From: Benjamin Herrenschmidt
Date: Mon Jul 02 2018 - 06:22:43 EST

On Sun, 2018-07-01 at 10:04 -0700, Linus Torvalds wrote:
> On Sun, Jul 1, 2018 at 12:16 AM Benjamin Herrenschmidt
> <benh@xxxxxxxxxxxxxxxxxxx> wrote:
> >
> > I suspect you didn't read it my entire argument or I wasn't clear
> > enough :-) This is actually the crux of the problem:
> >
> > Yes the object continues to exist. However, the *last* kobject_put to
> > it will no longer be done under whatever higher level locking the
> > subsystem provides (whatever prevents for example concurrent add and
> > removes).
> Well, yes and no.
> Why "no"?
> The last dropping is actually not necessarily that interesting.
> Especially with the sysfs interface, we basically know that you can
> look up the object using RCU (since that's what the filesystem lookup
> does), and that basically means that the refcount is always the final
> serialization mechanism.There is nothing else that can possibly lock
> it.
> So this is where we disagree:
> > Thus in that scenario the "last minute" kobject_release() done by the
> > last kobject_put() will be effectively unprotected from for example the
> > gdp_mutex (in the case of the gluedirs) or whatever other locking the
> > subsystem owning the kobject is using to avoid making that "refount 0"

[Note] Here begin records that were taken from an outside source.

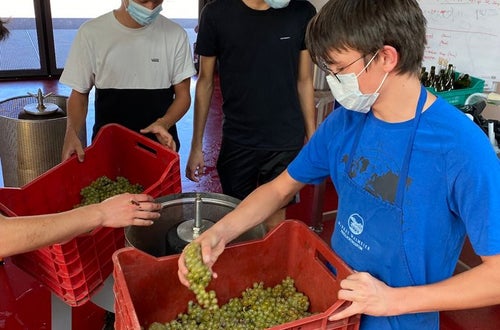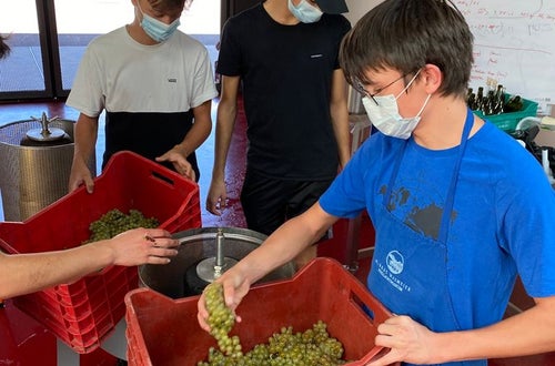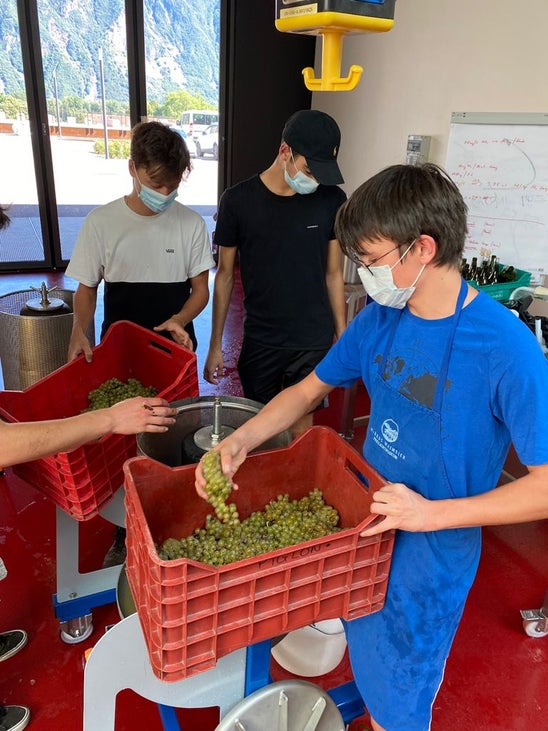 Unsere Schüler*innen erlernen nicht nur wie hochwertiges Traubenmaterial produziert wird, sondern die gelesenen Trauben werden auch im Rahmen der Kellerwirtschaftspraxis eingekellert.
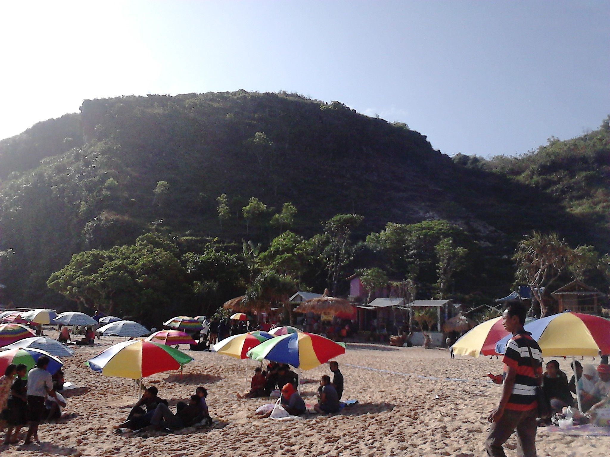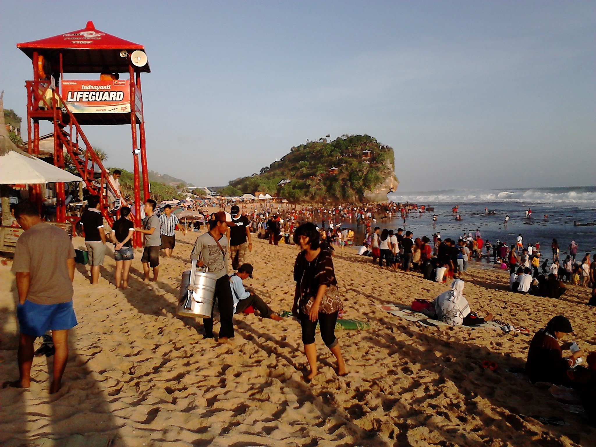 Kalau gue perhatikan, pengunjung di pantai-pantai Yogyakarta itu cenderung sopan. Semuanya berpakaian lengkap atas bawah, hanya satu-dua pemuda yang berani bertelanjang dada. Padahal, di Jawa Barat saja, rata-rata pengunjung pria bertelanjang dada dan pengunjung wanitanya memakai kaos / tank top dengan hot pants. Sayang ya, jadi nggak ada pemandangan tambahan deh #eh.
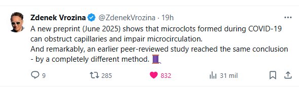 Zdenek Vrozina @ZdenekVrozina Una nueva preimpresión (junio de 2025) muestra que los microcoágulos formados durante la COVID-19 pueden obstruir los capilares y afectar la microcirculación. Y, sorprendentemente, un estudio previo revisado por pares llegó a la misma conclusión, utilizando un método completamente diferente.
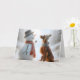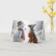 Ein Schneemann und ein irischer Setter-Hund, der Schals trägt, teilen sich einen Moment der Begleitung in einem schneebedeckten Wald
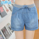 少女夏装牛仔裤新款韩版少女中学生宽松牛仔短裤女松紧腰休闲裤子
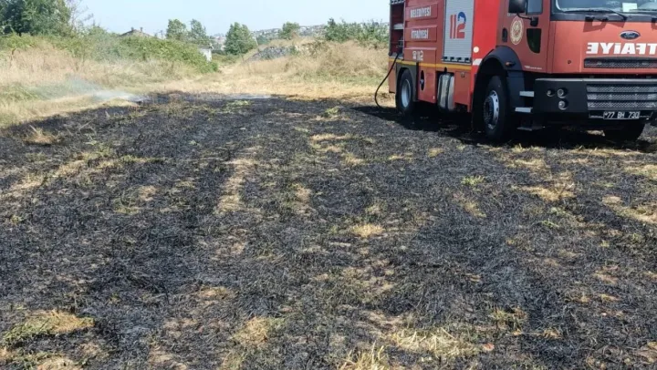 Yalova'da elektrik tellerine güvercinin çarpması sonucu anız yangını meydana geldi.
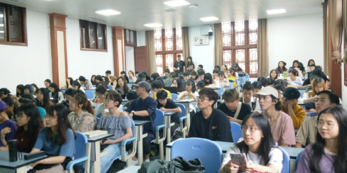 From July 9 to 10, 2018, Feng Sansan, China's top ten designers, founder of FENGSANSAN studio and design director of Beijing Baixue and Beibei children's clothing, was invited to our school to give a series of lectures entitled "Creative Road of Fashion Design" in Wangjiang Campus. This event was arranged during the "Practice and International Course Week" of Sichuan University. Zhao Wu, an associate professor of clothing and apparel design in our college, presided over the event and delivered a welcome speech. Teachers of textile and apparel design and more than 100 students of this major listened to the wonderful lecture.
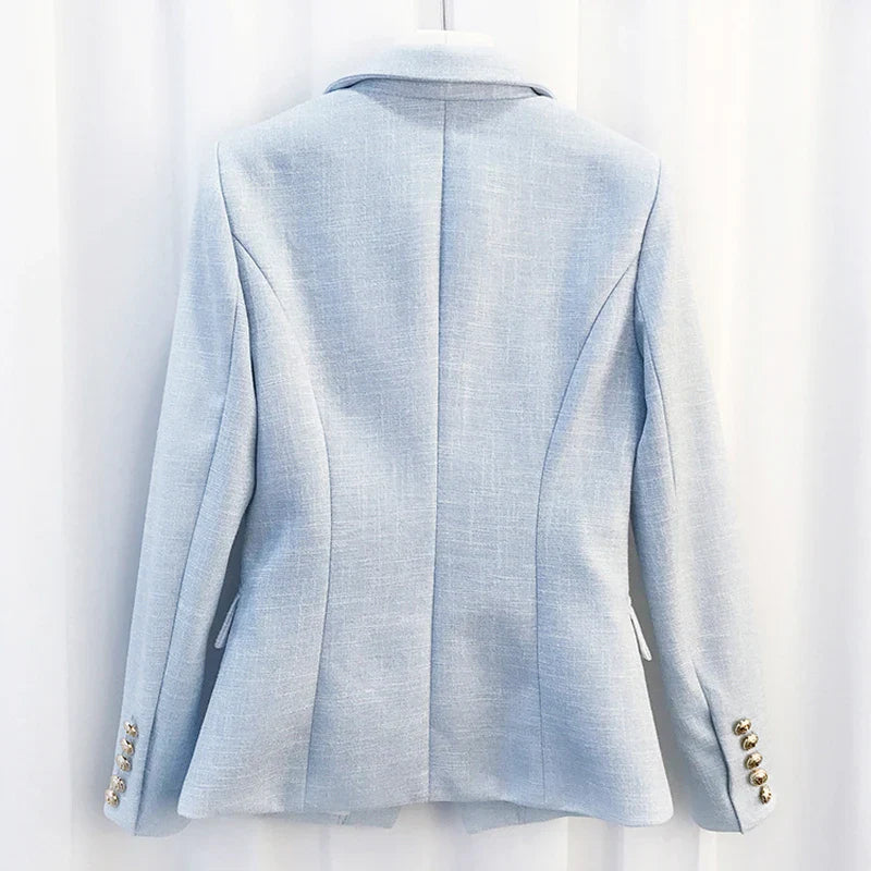 Whenever in doubt. slip on the Power Move Blazer Jacket for that ultra-professional look. It showcases a double-breasted design for that elegant ensemble. featuring notched lapels. long sleeves and front flap pockets to add to the style. Metal lion buttons shine in gold for a luxurious look. making it the perfect pick for those who love to stand out from the rest. Shop the style now and make it yours!

> > object "discoverable".
> No. *Fundamentally*, there is only one thing that protects that
> object: the refcount.
> And my argument is that anything that has this model (which means
> anything that has any sysfs linkage, which pretty much means any
> kobject) absolutely *must* use "kobject_get_unless_zero()" unless it
> had an existing stable pointer and just wants to increase the refcount
> (ie "already got a reference throuigh one of my data structures that
> use the lock")
> But if you have that model, that means that the "last drop" is
> actually almost totally irrelevant. Because it doesn't matter if it's
> done inside the lock or not - you know that once it has been done,
> that object is entirely gone. It's not discoverable any more -
> regardless of locking. The discoverability is basically controlled
> entirely by the refcount.
> So what happens then?
> The locking isn't important for the last release, but it *is*
> important for new object *creation*.
> Why?
> The refcount means that once an object is gone, it's gone for
> *everyone*. It's a one-way thing, and it's thread-safe. So the code
> that does *creation* can do this:
> - get subsystem lock
> - look up object (using the "unless_zero()" model)

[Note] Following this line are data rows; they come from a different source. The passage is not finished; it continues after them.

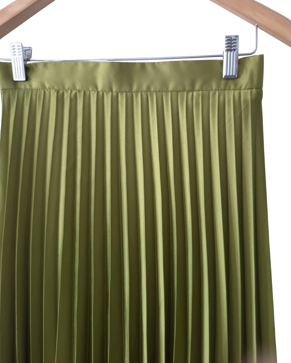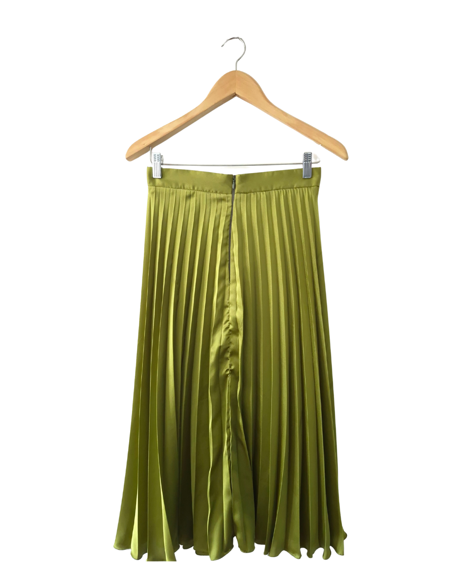 Falda Vero Alfie verde oliva. Plizada de corte midi, confeccionada en simil razo, con acceso por cremallera en espalda.
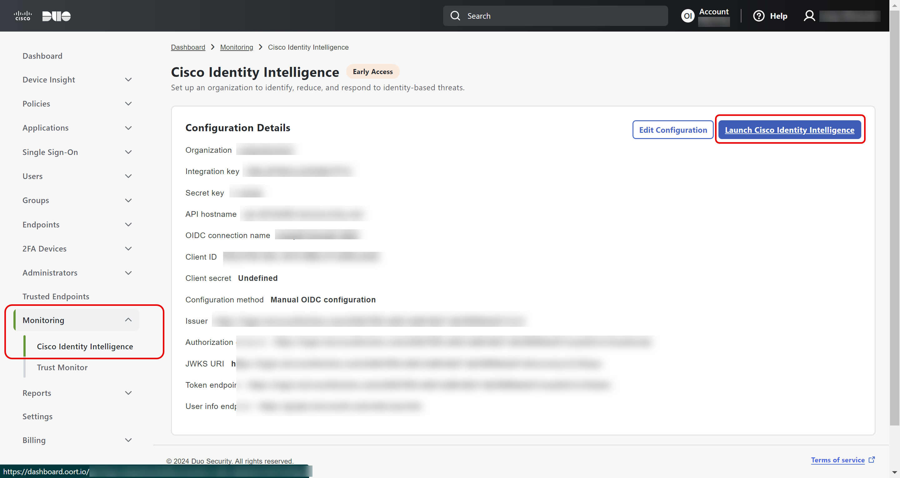 If your Cisco Identity Intelligence tenant has been [provisioned from your Duo tenant](https://duo.com/docs/identity-security#provision-your-cisco-identity-intelligence-tenant), then you can access Identity Intelligence from the <mark style="color:blue;">**Launch Identity Intelligence**</mark> button under the Monitoring tab.
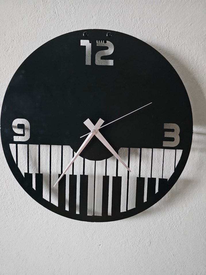 Bu siyah duvar saati, piyano tuşları tasarımı ve 12, 3, 9 rakamları ile dikkat çeker. Beyaz akrep ve yelkovanlıdır.
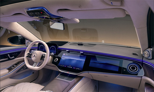La pantalla en la que se ve la instrumentación tiene 12,3 pulgadas, la del centro tiene 14,4 pulgadas y la que hay delante del acompañante es de 12,3 pulgadas. Asimismo hay un sistema de proyección de información en el parabrisas (Head-up Display) con función de realidad aumentada. El sistema de reconocimiento de órdenes vocales —MBUX Virtual Assistant— se apoya en la tecnología ChatGPT4o, Microsoft Bing y Google Gemini Automotive AI para poder cumplir con los requerimientos del conductor mediante una conversación con lenguaje natural. Debajo de la pantalla central hay dos superficies para la carga por inducción de teléfonos móviles.
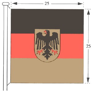 die Bundesdienstflagge in der Größe 25 x 25 cm (Muster II),

> - if you got the object, re-use it, and you're done: drop lock and return
> - otherwise, you know that nobody else can get it either
> - create new object and instantiate it
> - drop lock
> and this means that you create a new object IFF the old object had its
> refcount drop to zero. So you always have exactly one copy (or no copy
> at all, in between the last drop and the creation of the new one).
> See? The lack of locking at drop time didn't matter. The refcount
> itself serialized things.
> So the above is what I *think* the "glue_dir" logic should be. No need
> for any other count. Just re-use the old glue dir if you can find it,
> and create a new one if you can't.
> The one important thing is that the object lookup above needs to use
> the lookup needs to find the object all the way until the refcount has
> become zero. And that actually means that the object MUST NOT be
> removed from the object lists until *after* the refcount has been
> decremented to zero. Which is actually why that "automatic cleanup"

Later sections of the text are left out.